Clinically Acclaimed!

recovery Day X; depression strikes

mq1Step 1. Tell Someone;

Depression is no stranger to me. I know what it looks like, how it changes my attitude and behaviour. And I know that when it strikes to suffer in silence is a common response. Depression crushes my drive to socialize. It crushes my desire to care for my home, to care for myself. It sucks the joy out of the things I love the most. Its a bummer, like a flat tire during the worst snowstorm of your life. And you don’t have a spare.

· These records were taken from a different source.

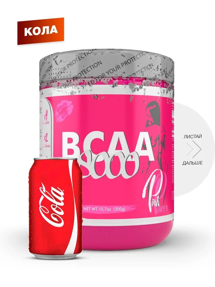 Аминокислоты PinkPower BCAA 8000, 300 гр, Кола (ВСАА 2-1-1)
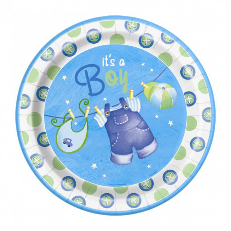 8 Pratos Redondos 23cm Blue Baby Shower
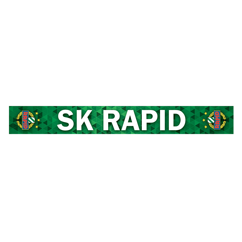 Druckschal mit Rapid-Wappen und Aufdruck SK RAPID auf grünem, diamant-ähnlichem Hintergrund.
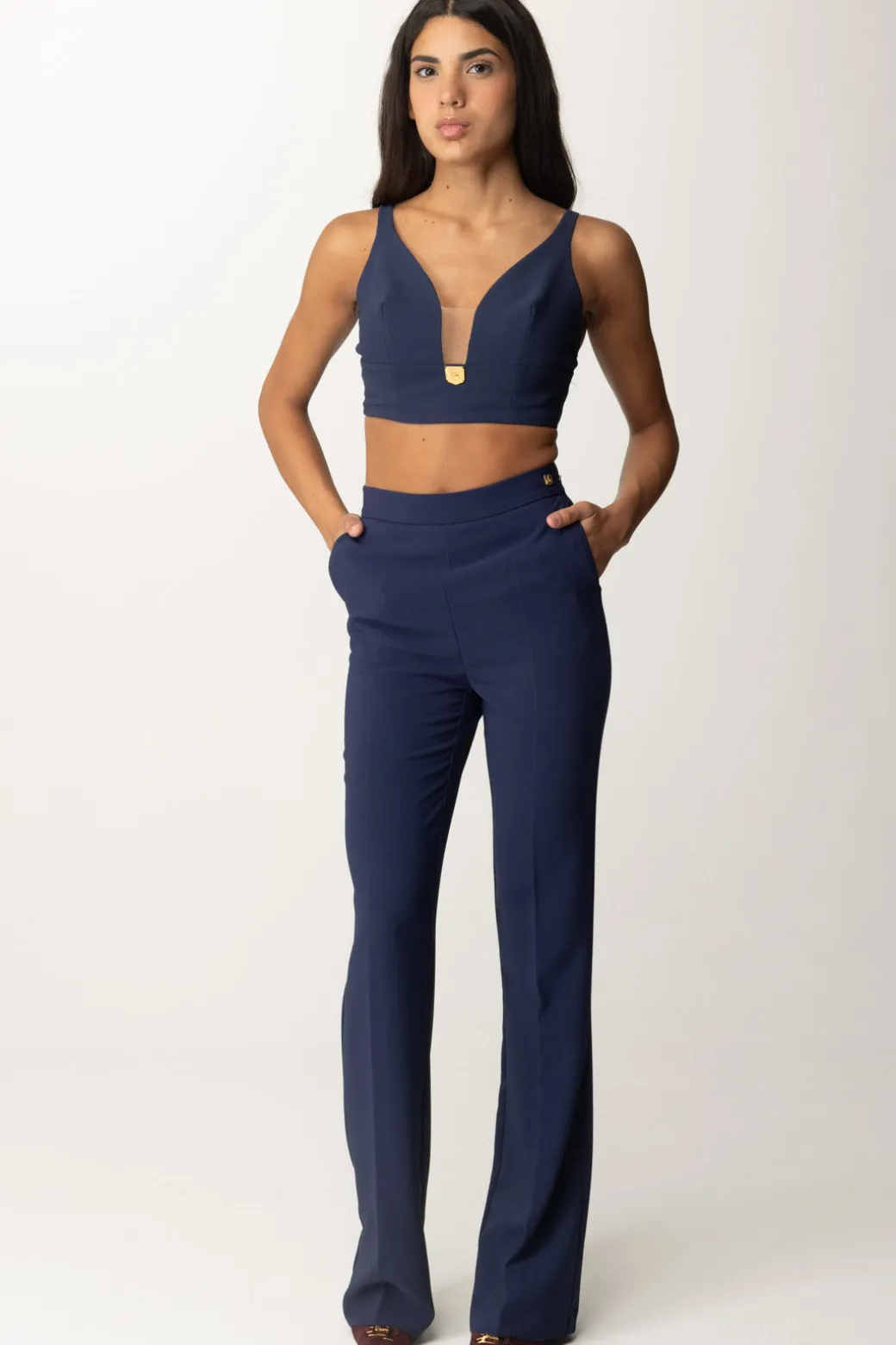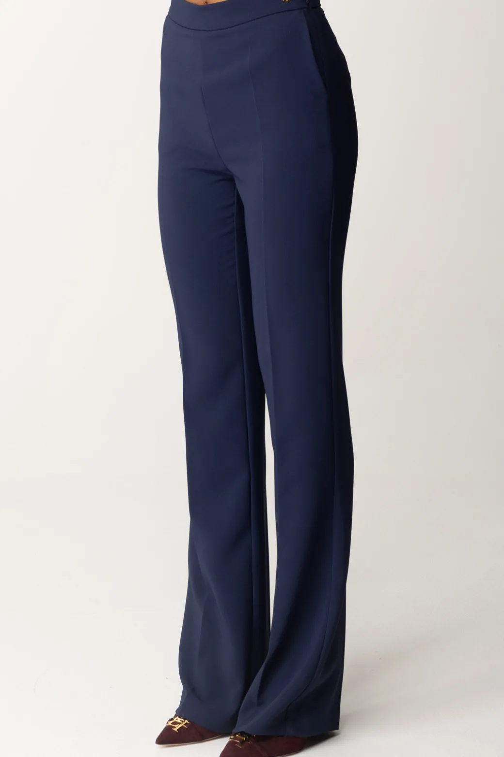 Pantaloni Elisabetta Franchi classici, dalla linea leggermente svasata al fond oe con vita alta caratterizzata da placchetta logo gold. Un capo pensato per i tuoi outfit più chic, da valorizare con tacco che dia slancio alla gamba flare e un top che lasci a vista il dettaglio luminoso in vita.
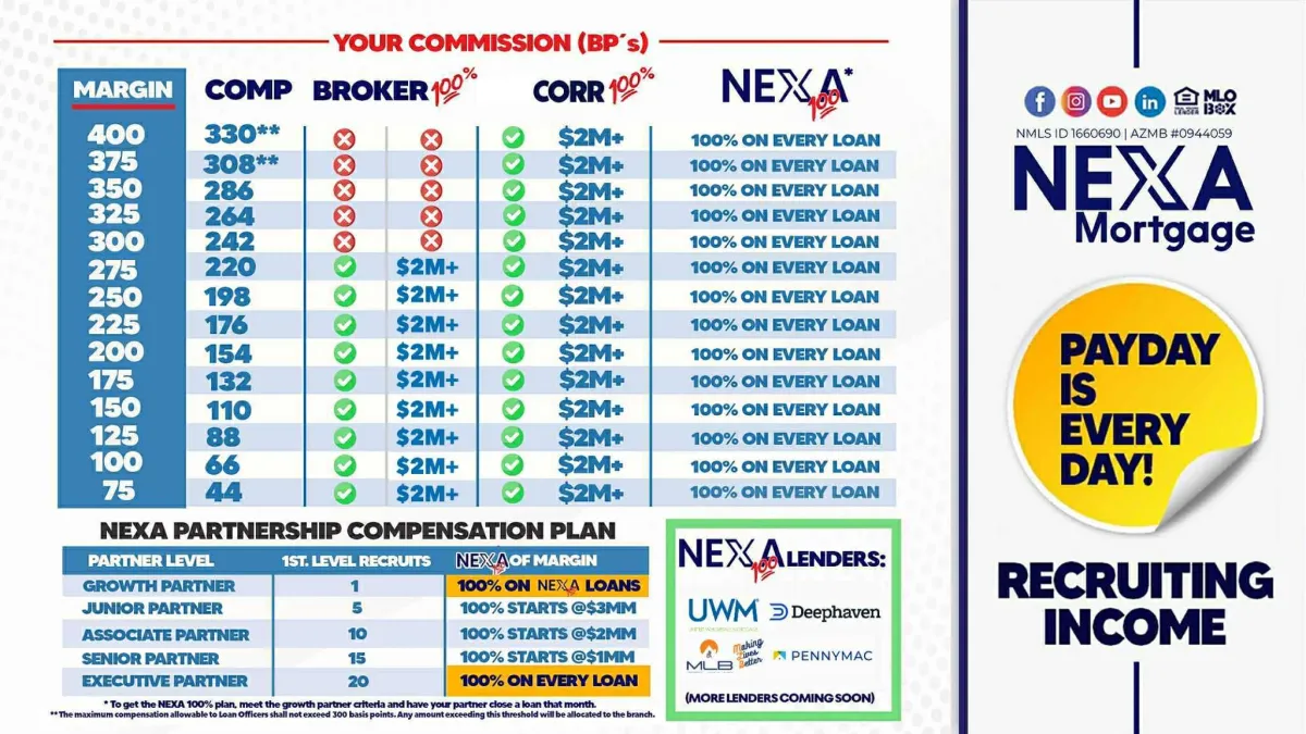 The “Nexa Difference Comp Tool” is NOT an official calculator supplied by NEXA Mortgage, nor was it designed or approved in an official capacity for NEXA Mortgage. This calculator has been verified for its accuracy based on the current NEXA Mortgage Program, based on a 220 bps for personal volume. However, this Calculator is NOT a promise of earnings by NEXA Mortgage or a promise by the person that gave you the URL. It is simply to give you an idea of the kind of income that is possible. This calculator is merely for your enjoyment only. Special Note: Many NEXA Mortgage Loan Originators are doing extremely well financially from this one of a kind profit model. However, a large number of NEXA Mortgage Loan Originators do not even take full advantage of the opportunity and merely join the company for its many other benefits.

Well… A flat in the middle of the worst snowstorm of your life and no spare tire. You call someone. I know its hard. I know its embarrassing. I know it can strip you of pride. Rob a person of their ability to feel independent. Left unchecked long enough it can start to tear your life down. It can affect your job performance. Maybe even lead to job loss. Bills pile up; And the hole gets deeper and deeper.

Last Monday I was diagnosed with moderate to severe depression by my Doctor @ Connections. He diagnosed me because I told him something was wrong. And I was given two choices; Take more medication OR Initiate the use of my most powerful and effective tools, one being Cognitive Behavioural Therapy (CBT).

For those of you not familiar with CBT, its basically a self or assisted launch of a learned tool. CBT helps a person evaluate situations negatively impacting their mental & physical health. Upon evaluation identify negative behaviours and implement a simple, attainable plan of action to help improve or correct the situation.

My Doctor & Connections are amazing. A worker was notified of my situation, it is not an emergency in my case because I have a strong history of self guided recovery. I set in motion a plan that day to right my course:

  1. Ride my bike! Healthy body, healthy mind. Exercise reduces stress.
  2. Eat Right. Drop the comfort foods, eat green & healthy proteins.
  3. Take out the trash, mentally & physically.
  4. Work Smart, be productive & creative. Feel Accomplished!
  5. Rinse and Repeat, but don’t overdo it. Start Small.

Soo far, since Monday I’ve executed steps 1 through 4 and I’m getting ready for the “Rinse/Repeat” part. I see improvements already. Its small, but ya gotta start somewhere.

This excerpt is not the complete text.